I don't have the same problem with it some do. Like Orwell, I think that personal, subjective writing might be the best way to preserve "the moral atmosphere of a particular moment in time," an argument that he makes in a wonderful essay called "Looking Back on the Spanish War."
Nevertheless, I think that the weird hybrid between news and personal writing that we're seeing now is just peculiar, and is evident in a recent NY Times story about Obama abroad.
For the first few graphs of this story, it's a relatively fact-based featurized overview of Obama's trip and McCain's non-trip of the last week. Then we get this assessment of how Obama handles himself:
Mr. Obama looks supremely confident and at home talking to generals and heads of state, so much so that some viewers may find the pose presumptuous — as if Mr. Obama believes that not only is his official nomination at the Democratic convention in August a mere formality, so is the November election.
Supremely confident? (According to who?) Some viewers? (Who exactly?) May find presumptuous? (How do you know?) And they'll conclude both that he took the nomination and the November election for granted? (That's putting a lot of words in a hypothetical person's mouth.)
The problem here is that the personal writing isn't being used to create the atmosphere of a moment so that we can make up our own minds about it -- it's being used to avoid the description of a moment and to tell us what we might have thought had we been there.
It's the weird hybrid of news writing and personal writing that is to blame.
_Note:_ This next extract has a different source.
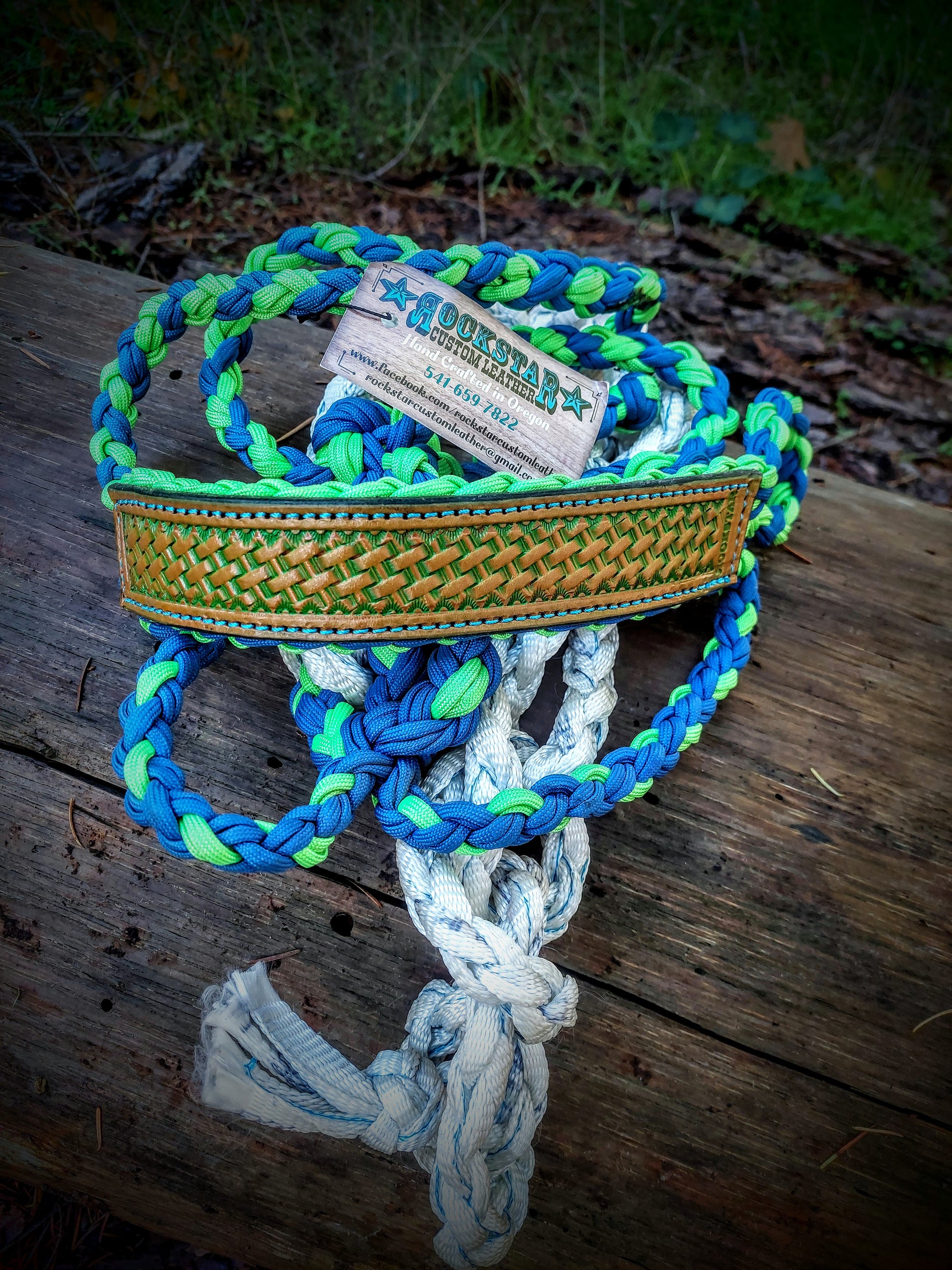 Blue and green paracord braided halter with a muletape lead. Tooled leather noseband with green paint wash.

The story describes the anchors tagging along on the trip, and then we get this:
When posing for an official photograph with a foreign leader, Mr. Obama often places his hand paternally on the other man’s arm, subliminally signaling that though a visitor, he is the real host of the meeting.
Touring ruins of the Citadel in Amman, Mr. Obama strode confidently with his jacket crooked over his shoulder in classic Kennedy style. He also practiced statesmanly restraint, telling reporters in Amman that he wouldn’t criticize his opponent while abroad.
This is not a story in which the reporter has introduced herself as a character. If she had, we might be able to appreciate some of this as judgment from a passionate sensibility. But as is, it reads as "news." The arm pat must actually be paternal, and Obama must think of himself as a host. I won't go into the fact that if it really was subliminal the reporter wouldn't actually be aware of it.
The second paragraph I won't criticize because I agree with it -- but obviously the reporter is balancing out the last paragraph's criticism with this paragraph's flattering description. Two wrongs, it seems, make a right.
Again, I don't think I'd bristle at these moments if the reporter had simply announced her point of view -- and celebrated it, instead of disguising it.
These are important moments to note -- as is the latest announcement from the AP -- in light of the recently released biopic on the life of Hunter S. Thompson, Gonzo. Thompson arguably pioneered an extremely personal form of writing in the context of presidential elections -- though of course he did so under the guise of satire, which has also been rearing its head in this election cycle.
But Thompson isn't the model to consider. Orwell is. It's possible to be subjective and still pursue truth. If we embraced that more fully, instead of retreating to the boring old who-what-when-where-why, we might avoid the ridiculousness of an attempt to find a sweet spot between the two.